Welchen Anhänger darf ich/mein Auto überhaupt ziehen?


Quelle: ÖAMTC Anhänger: Vorschriften zum Ziehen von Anhängern Beim Ziehen von Anhängern ist vor allem darauf zu achten, dass die Gewichtslimits (insbesondere auch die Stützlast) nicht überschritten werden. Welche Arten von Anhängern dürfen gezogen werden? Grundsätzlich dürfen nur solche Anhänger gezogen werden, bei denen die Gewichtslimits (insbesondere auch die Stützlast; siehe auch Daten im Zulassungsschein) nicht überschritten werden. 1. Leichte (bis 750 kg höchstzulässiges Gesamtgewicht), ungebremste Anhänger:
wenn das Doppelte des tatsächlichen Anhängergewichtes (Eigengewicht und Zuladung) das um das 75 kg erhöhte Eigengewicht des Zugfahrzeuges nicht übersteigt

Beispiel: Eigengewicht Zugfahrzeug (z.B. 965 kg) + 75 kg = 1.040 kg
1.040 kg : 2 = 520 kg (=tatsächliches Gesamtgewicht (Eigengewicht plus Beladung) des Anhängers)

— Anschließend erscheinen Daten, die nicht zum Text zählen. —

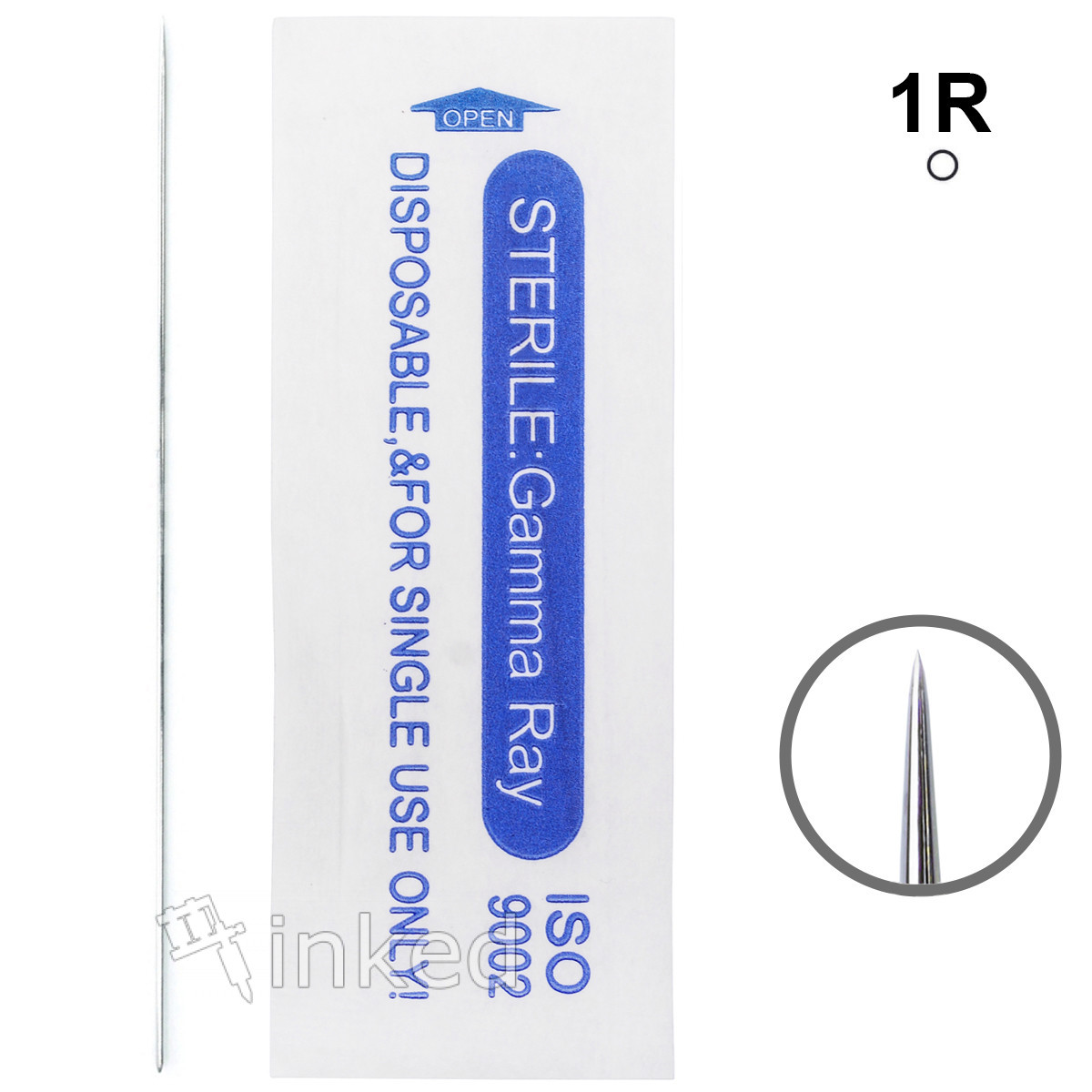 Стерилізовані голки 1R Universal для татуажних машинок-класичні Контурні голки для татуажу. Кожна голки пройшла стерилізацію гамма випромінюванням і упакована в індивідуальну упаковку. Довжина голки: 0.50 мм, Діаметр: 0.25 мм.підходять для моделей Goochie ZX2010/2011, Giant Sun g 8650/9740.

2. Auflaufgebremste schwere Anhänger:
wenn das tatsächliche Gesamtgewicht (Eigengewicht plus Zuladung) des Anhängers weder das höchste zulässige Gesamtgewicht des Zugfahrzeuges - bei geländegängigen Fahrzeugen der Klasse M1 und N1 (Zusatz "G" im Zulassungsschein bei der Fahrzeugklasse) ist das 1,5-fache des höchstzulässigen Gesamtgewichtes maßgebend - noch den bei der Genehmigung festgesetzten Wert übersteigt.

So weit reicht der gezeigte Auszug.